Stored records -
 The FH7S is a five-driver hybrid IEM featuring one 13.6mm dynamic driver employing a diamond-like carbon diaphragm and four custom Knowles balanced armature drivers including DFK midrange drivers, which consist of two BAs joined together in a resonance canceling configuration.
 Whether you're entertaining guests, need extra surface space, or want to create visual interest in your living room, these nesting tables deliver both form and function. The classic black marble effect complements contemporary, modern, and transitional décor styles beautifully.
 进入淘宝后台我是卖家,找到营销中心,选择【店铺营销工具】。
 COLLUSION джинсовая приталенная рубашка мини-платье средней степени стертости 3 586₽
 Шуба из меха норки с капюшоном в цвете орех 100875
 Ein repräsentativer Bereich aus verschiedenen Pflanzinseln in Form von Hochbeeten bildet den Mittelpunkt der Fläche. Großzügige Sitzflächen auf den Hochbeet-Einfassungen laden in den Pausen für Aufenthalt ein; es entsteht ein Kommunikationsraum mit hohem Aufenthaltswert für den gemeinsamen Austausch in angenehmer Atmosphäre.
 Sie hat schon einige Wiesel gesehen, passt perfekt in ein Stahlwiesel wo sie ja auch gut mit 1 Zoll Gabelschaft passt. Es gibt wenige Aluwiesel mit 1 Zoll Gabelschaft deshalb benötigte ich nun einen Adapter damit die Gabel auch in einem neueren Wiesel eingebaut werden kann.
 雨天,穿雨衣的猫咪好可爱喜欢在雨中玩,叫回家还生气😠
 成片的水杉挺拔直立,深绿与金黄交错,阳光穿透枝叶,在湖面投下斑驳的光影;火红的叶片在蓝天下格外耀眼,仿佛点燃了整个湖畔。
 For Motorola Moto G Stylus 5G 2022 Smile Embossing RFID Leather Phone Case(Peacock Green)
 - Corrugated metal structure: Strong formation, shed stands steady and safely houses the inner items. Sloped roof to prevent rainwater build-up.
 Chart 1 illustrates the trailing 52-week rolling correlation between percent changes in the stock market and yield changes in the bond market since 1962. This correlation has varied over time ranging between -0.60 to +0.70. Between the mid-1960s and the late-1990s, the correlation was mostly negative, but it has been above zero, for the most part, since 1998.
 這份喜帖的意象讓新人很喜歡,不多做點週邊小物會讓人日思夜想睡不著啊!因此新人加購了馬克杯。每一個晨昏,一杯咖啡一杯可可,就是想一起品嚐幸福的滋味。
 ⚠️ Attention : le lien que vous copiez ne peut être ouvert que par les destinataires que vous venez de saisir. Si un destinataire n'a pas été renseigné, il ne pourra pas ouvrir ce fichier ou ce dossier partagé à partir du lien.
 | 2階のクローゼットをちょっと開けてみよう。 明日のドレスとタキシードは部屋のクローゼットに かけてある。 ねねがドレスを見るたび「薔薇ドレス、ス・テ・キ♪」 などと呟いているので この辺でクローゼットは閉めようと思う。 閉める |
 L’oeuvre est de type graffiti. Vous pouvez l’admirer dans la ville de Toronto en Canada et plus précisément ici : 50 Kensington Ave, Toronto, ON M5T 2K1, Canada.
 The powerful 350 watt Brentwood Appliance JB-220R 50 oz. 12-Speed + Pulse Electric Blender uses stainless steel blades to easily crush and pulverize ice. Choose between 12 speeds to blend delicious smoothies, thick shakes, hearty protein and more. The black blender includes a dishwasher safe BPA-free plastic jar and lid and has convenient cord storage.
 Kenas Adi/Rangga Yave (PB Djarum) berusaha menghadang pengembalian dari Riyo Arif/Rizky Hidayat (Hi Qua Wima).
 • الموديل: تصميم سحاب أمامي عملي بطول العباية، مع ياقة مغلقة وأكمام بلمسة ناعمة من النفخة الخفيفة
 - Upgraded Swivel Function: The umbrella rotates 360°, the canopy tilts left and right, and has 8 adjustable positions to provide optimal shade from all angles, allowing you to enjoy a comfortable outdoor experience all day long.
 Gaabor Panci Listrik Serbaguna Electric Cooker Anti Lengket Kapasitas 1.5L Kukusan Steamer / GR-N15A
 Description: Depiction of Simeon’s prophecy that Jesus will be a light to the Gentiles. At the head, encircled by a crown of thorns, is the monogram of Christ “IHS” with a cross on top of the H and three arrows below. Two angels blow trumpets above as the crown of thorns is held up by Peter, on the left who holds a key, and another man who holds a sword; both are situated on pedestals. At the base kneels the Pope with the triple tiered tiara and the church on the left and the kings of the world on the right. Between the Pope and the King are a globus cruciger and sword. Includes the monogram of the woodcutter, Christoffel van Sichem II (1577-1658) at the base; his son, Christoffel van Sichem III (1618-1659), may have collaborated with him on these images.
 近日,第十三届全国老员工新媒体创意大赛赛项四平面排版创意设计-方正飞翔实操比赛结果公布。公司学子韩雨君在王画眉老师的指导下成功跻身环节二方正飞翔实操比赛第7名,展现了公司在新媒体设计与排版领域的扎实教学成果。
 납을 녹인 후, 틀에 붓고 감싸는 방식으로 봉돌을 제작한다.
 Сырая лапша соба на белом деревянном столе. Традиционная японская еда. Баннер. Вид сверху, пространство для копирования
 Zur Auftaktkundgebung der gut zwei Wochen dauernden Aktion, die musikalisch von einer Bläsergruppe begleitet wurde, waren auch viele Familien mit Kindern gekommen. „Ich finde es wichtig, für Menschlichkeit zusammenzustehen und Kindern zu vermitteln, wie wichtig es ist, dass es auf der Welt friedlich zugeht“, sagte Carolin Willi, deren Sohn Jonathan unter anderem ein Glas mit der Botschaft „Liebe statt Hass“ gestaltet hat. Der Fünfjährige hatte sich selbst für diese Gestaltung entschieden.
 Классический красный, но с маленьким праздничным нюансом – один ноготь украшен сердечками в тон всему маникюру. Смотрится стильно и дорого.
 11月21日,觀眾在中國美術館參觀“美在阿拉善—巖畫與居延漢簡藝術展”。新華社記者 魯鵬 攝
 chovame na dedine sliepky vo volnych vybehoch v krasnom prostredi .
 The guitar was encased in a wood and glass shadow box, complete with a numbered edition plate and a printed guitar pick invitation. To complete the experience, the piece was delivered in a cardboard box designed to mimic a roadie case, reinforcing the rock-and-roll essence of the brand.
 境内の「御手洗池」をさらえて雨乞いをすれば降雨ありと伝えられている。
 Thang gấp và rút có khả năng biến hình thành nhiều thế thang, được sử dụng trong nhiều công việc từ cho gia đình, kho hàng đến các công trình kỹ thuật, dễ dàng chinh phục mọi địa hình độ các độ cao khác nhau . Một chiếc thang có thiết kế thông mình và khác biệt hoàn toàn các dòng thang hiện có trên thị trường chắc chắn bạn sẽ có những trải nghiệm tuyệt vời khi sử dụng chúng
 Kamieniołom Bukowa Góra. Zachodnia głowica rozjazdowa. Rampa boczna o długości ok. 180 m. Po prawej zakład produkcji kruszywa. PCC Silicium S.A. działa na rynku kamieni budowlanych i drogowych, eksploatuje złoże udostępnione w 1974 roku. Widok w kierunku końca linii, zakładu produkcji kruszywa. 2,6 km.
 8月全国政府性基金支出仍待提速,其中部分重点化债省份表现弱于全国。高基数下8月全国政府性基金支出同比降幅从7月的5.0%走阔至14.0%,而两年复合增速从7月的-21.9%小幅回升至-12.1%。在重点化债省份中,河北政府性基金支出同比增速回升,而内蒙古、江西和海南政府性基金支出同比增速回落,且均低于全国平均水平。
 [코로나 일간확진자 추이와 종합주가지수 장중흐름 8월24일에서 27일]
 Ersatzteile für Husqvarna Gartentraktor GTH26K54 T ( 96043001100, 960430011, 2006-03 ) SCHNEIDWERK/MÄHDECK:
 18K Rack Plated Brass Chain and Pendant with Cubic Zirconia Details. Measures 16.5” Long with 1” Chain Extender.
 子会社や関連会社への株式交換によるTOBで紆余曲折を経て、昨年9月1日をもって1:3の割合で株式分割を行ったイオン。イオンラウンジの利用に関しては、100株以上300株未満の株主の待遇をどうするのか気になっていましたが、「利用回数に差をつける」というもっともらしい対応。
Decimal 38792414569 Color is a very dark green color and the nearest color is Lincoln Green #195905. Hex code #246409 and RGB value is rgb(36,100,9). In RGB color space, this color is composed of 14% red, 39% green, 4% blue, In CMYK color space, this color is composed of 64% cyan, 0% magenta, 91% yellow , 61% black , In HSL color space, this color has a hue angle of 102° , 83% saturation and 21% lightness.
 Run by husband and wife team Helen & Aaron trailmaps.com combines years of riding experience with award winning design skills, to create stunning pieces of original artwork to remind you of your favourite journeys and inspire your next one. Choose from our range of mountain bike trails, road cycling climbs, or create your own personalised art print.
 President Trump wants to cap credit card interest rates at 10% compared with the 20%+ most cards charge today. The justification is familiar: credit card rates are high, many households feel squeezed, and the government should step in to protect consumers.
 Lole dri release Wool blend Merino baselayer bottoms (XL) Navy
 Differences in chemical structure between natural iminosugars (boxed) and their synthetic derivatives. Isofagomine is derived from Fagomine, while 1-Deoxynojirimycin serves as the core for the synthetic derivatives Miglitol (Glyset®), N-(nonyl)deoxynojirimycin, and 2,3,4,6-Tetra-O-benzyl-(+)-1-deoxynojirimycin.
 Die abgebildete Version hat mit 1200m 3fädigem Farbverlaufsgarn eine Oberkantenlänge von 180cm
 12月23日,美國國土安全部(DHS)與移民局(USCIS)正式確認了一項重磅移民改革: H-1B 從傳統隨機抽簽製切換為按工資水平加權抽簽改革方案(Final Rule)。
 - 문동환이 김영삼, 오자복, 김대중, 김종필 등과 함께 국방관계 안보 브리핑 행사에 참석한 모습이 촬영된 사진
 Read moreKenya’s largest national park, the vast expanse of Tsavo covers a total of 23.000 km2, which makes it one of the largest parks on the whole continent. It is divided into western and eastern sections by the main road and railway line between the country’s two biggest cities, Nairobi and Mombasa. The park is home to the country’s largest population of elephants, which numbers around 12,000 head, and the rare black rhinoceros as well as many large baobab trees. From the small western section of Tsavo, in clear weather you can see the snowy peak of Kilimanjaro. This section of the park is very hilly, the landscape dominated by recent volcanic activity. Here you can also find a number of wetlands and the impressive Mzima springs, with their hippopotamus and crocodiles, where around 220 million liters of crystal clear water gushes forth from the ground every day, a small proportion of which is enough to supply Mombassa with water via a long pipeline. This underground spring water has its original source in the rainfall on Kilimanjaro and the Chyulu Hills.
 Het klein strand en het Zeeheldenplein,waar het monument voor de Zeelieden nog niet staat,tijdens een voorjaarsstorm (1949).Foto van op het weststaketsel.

Exercise aim - Every line from the line containing "进入淘宝后台我是卖家,找到营销中心,选择【店铺营销工具】。" through the line containing "- Corrugated metal" in the records above must be retyped exactly. Leave out the rest.

Written solution -
 进入淘宝后台我是卖家,找到营销中心,选择【店铺营销工具】。
 COLLUSION джинсовая приталенная рубашка мини-платье средней степени стертости 3 586₽
 Шуба из меха норки с капюшоном в цвете орех 100875
 Ein repräsentativer Bereich aus verschiedenen Pflanzinseln in Form von Hochbeeten bildet den Mittelpunkt der Fläche. Großzügige Sitzflächen auf den Hochbeet-Einfassungen laden in den Pausen für Aufenthalt ein; es entsteht ein Kommunikationsraum mit hohem Aufenthaltswert für den gemeinsamen Austausch in angenehmer Atmosphäre.
 Sie hat schon einige Wiesel gesehen, passt perfekt in ein Stahlwiesel wo sie ja auch gut mit 1 Zoll Gabelschaft passt. Es gibt wenige Aluwiesel mit 1 Zoll Gabelschaft deshalb benötigte ich nun einen Adapter damit die Gabel auch in einem neueren Wiesel eingebaut werden kann.
 雨天,穿雨衣的猫咪好可爱喜欢在雨中玩,叫回家还生气😠
 成片的水杉挺拔直立,深绿与金黄交错,阳光穿透枝叶,在湖面投下斑驳的光影;火红的叶片在蓝天下格外耀眼,仿佛点燃了整个湖畔。
 For Motorola Moto G Stylus 5G 2022 Smile Embossing RFID Leather Phone Case(Peacock Green)
 - Corrugated metal structure: Strong formation, shed stands steady and safely houses the inner items. Sloped roof to prevent rainwater build-up.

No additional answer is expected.